Before you write out the listing, remove the pictures; everything else stays exactly as it is.

*** Opening of Dataset content ***

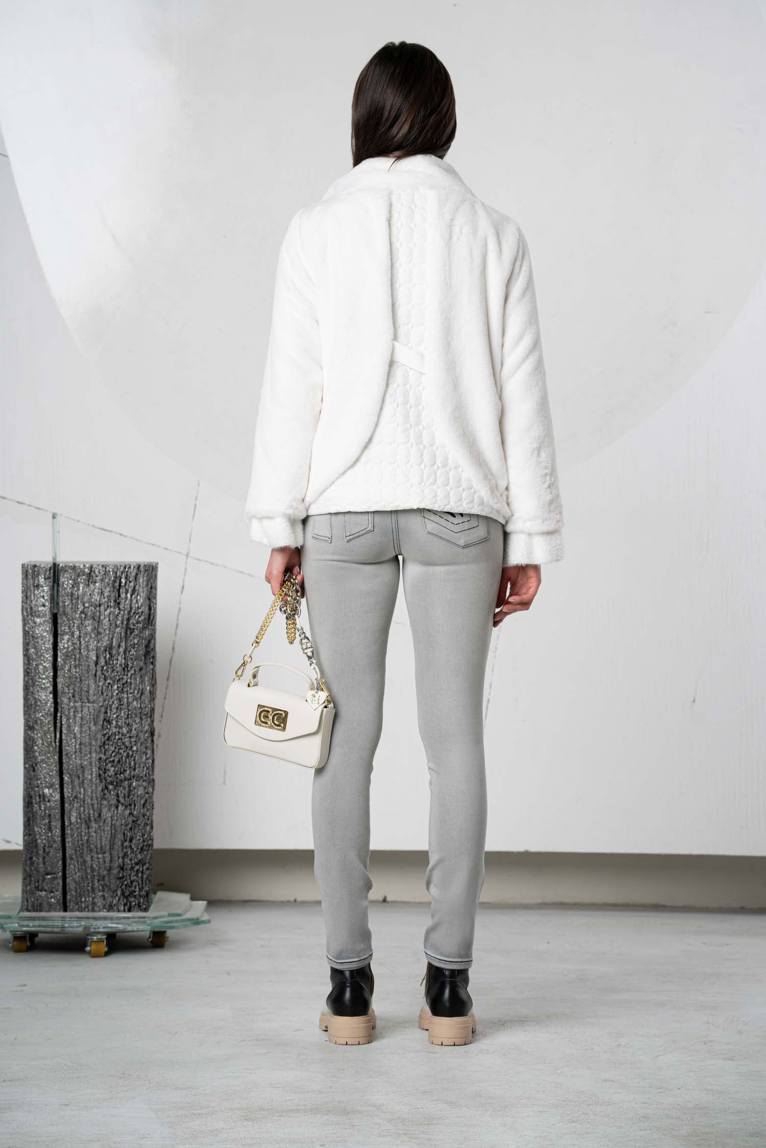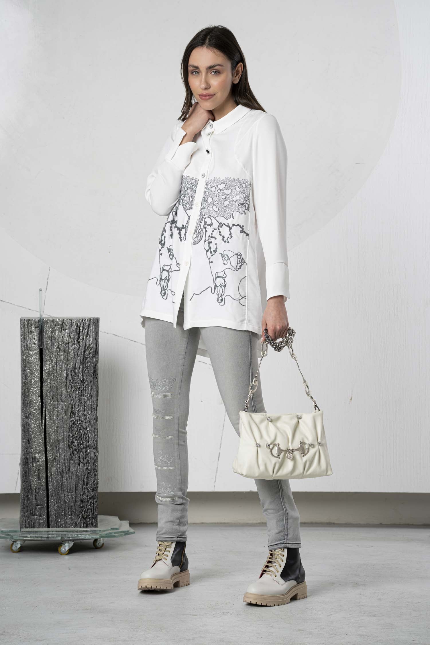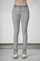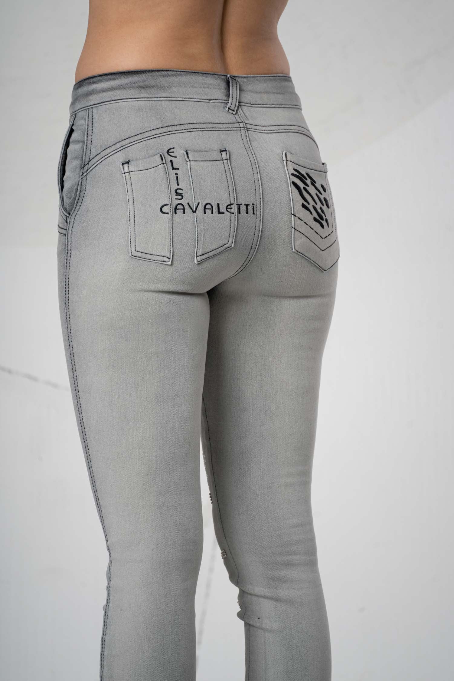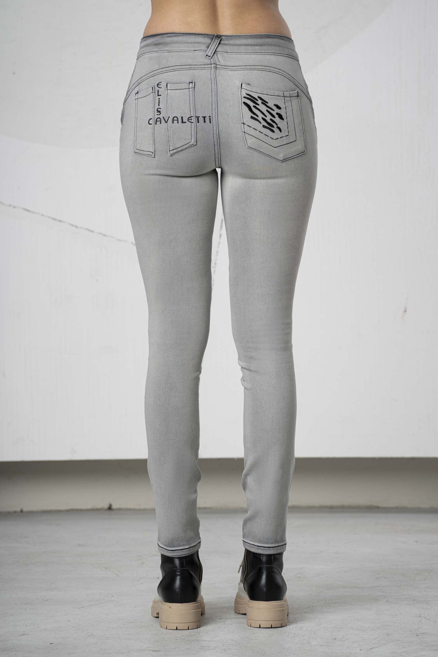 These stylish jeans impress with their high-quality grey cotton fabric, ensuring comfort and durability. The mid-rise waist offers a flattering fit, while the straight leg guarantees a modern silhouette. The decorative prints on the pockets are particularly striking, giving the jeans a unique touch. Ideal for discerning wearers who value quality and timeless design.
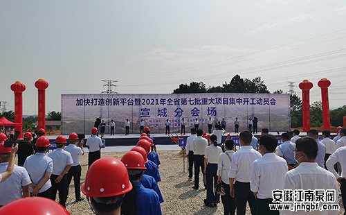 7月31日上午,加快打造創新平臺暨全省第七批重大項目集中開工動員會宣城分會場活動在涇縣經開區駿益智能科技項目地塊舉行.市委書記孔曉宏講話并宣布項目開工,市領導楊業峰...
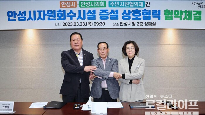 안성시와 안성시의회, 주민지원협의체는 23일, 안성시청 2층 상황실에서 '안성시 자원회수시설 증설 상호협력 협약'을 체결했다.

*** Close of Dataset content ***

# [Written reply]
 These stylish jeans impress with their high-quality grey cotton fabric, ensuring comfort and durability. The mid-rise waist offers a flattering fit, while the straight leg guarantees a modern silhouette. The decorative prints on the pockets are particularly striking, giving the jeans a unique touch. Ideal for discerning wearers who value quality and timeless design.
 7月31日上午,加快打造創新平臺暨全省第七批重大項目集中開工動員會宣城分會場活動在涇縣經開區駿益智能科技項目地塊舉行.市委書記孔曉宏講話并宣布項目開工,市領導楊業峰...
 안성시와 안성시의회, 주민지원협의체는 23일, 안성시청 2층 상황실에서 '안성시 자원회수시설 증설 상호협력 협약'을 체결했다.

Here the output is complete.